# Looking for a special pigeon to adopt



## kim_in_mt (Aug 19, 2007)

Hello!
About 6 months ago, my daughter found a pigeon who couldnt fly due to an injury causeed most likely by a hawk-We took the bird in, nursed it back to health, and tried to release him, but he is unable to fly, therefore, unreleaqsable, and a permanent resident of our family!Fits right in with a bllind turtle, blind Boxer....(list goes on!)Anyways..."Homer" as we call him is lonely, and I am searching desperatley for a friend for him.There are no pigeon breeders in my area, and I have contacted our one and only bird rehabilitator in the area in hopes she might have an unreleasable bird to place with me, but she doesnt.So, I am hoping to find one on this forum.Im not fussy about breed, or anything, just looking for a friend for our little guy!Im in Montana, so having a bird shipped here will be our only option.Thanks in advance for any help or advice!

Kim


----------



## Skyeking (Jan 17, 2003)

Hello and Welcome to Pigeon Talk,

Thank you for your care and concern over your birds' need for a friend.

I'm sure you will find a suitable friend/mate for your bird in time.

I just adopted out a handicapped male pigeon named Hamilton to a member in Virginia who was looking for a mate for her handicapped hen. 

Good luck and again, welcome!


----------



## horsesgot6 (May 30, 2007)

I'm So Glad Your Family has taken in this Great Bird. Do you Happen To Know The Sex Of your Bird As you Wouldn't Want To Put 2 Males together They Sometimes Have a I'm The Boss Thing That Goes On. If your Not Sure Of the Sex Look For A Female. If yours Is A Girl Another Girl Will Be Just company. Some Pigeons Do Fine With there Humans To And Pick That Preson As there Mate. 
have A Great Day,
Jennifer


----------



## feralpigeon (Feb 14, 2005)

Just wondering if you are certain that your bird is a male pigeon and
if you have had any offers. I know we can find your bird a mate, we 
do have many birds looking for homes.

fp


----------



## Lovebirds (Sep 6, 2002)

Kim, I may be able to help you with a bird. Please contact me here or by email at [email protected]


----------



## stach_n_flash (Mar 15, 2006)

Hello. 

I have an unrealseable ferral pigeon who is a female. To my knowledge it is kind of old. And only lays one egg per clutch and doesnt have them as ofen as my other birds. 

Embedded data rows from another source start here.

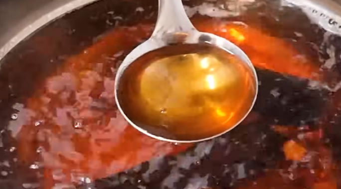 수정이 충분히 끓어 부드럽고 걸쭉한 상태가 되면 불을 끄고, 냄비에 덩어리가 생기지 않도록 잘 저어줍니다. 그 후, 수정이 식을 때까지 기다리며 점차 차가워지도록 합니다.
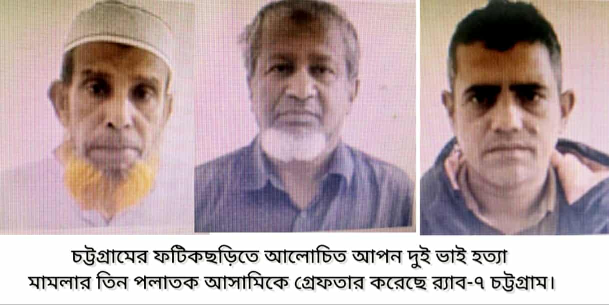 চট্টগ্রামের ফটিকছড়ি উপজেলায় আলোচিত দুবাই প্রবাসী আলমগীর (৪৫)ও জাহাঙ্গীর(৩৫) দুই ভাইকে কুপিয়ে হত্যার ঘটনায় দায়েরকৃত মামলার পলাতক ৩ আসামিকে গ্রেপ্তার করেছে র্যাব-৭ চট্টগ্রামের একটি অভিযানিক দল।
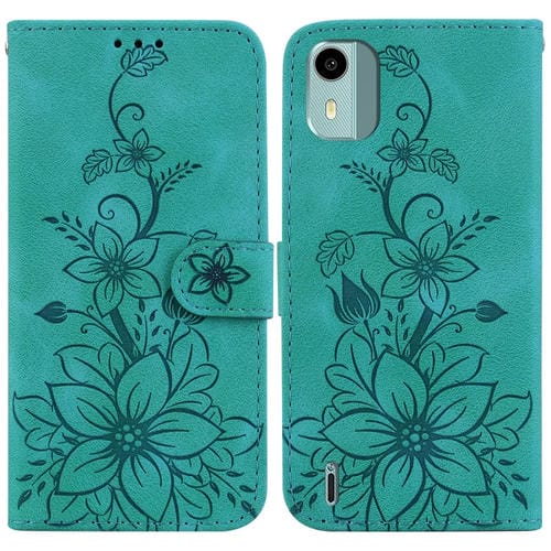For Nokia C12 Lily Embossed Leather Phone Case Cover (Green)

She can not fly either as she was found with a broken wing that was un fixable. She does have a mate who is a pure white homer. If you would like both I could try to make out a way to ship her and him to you. 

The white pigeon also has a flight problem and doesnt get to high of the ground and flies diagnal body and all.


----------



## SkyofAngels (Jun 28, 2007)

Michael,
Then your white homer will miss his mate! Poor Guy he will be sad!


----------



## stach_n_flash (Mar 15, 2006)

I want to keep them together . So if you cant take both then none at all sorry if that isnt clear i was hurring when I wrote it and after re reading it I see my mistakes. Sorry They will both go together if at all.


----------



## TAWhatley (Mar 6, 2001)

Hi Kim,

I've been kinda just watching this thread but will now kick in with the offer of a pigeon if you like. I've been kind of inundated with broken pijjies of late, and they all need a good home. If you are interested, just post back and let me know. I suspect that a female is the safest bet for you, but if you're game for an unknown sex, then that is great also.

Terry


----------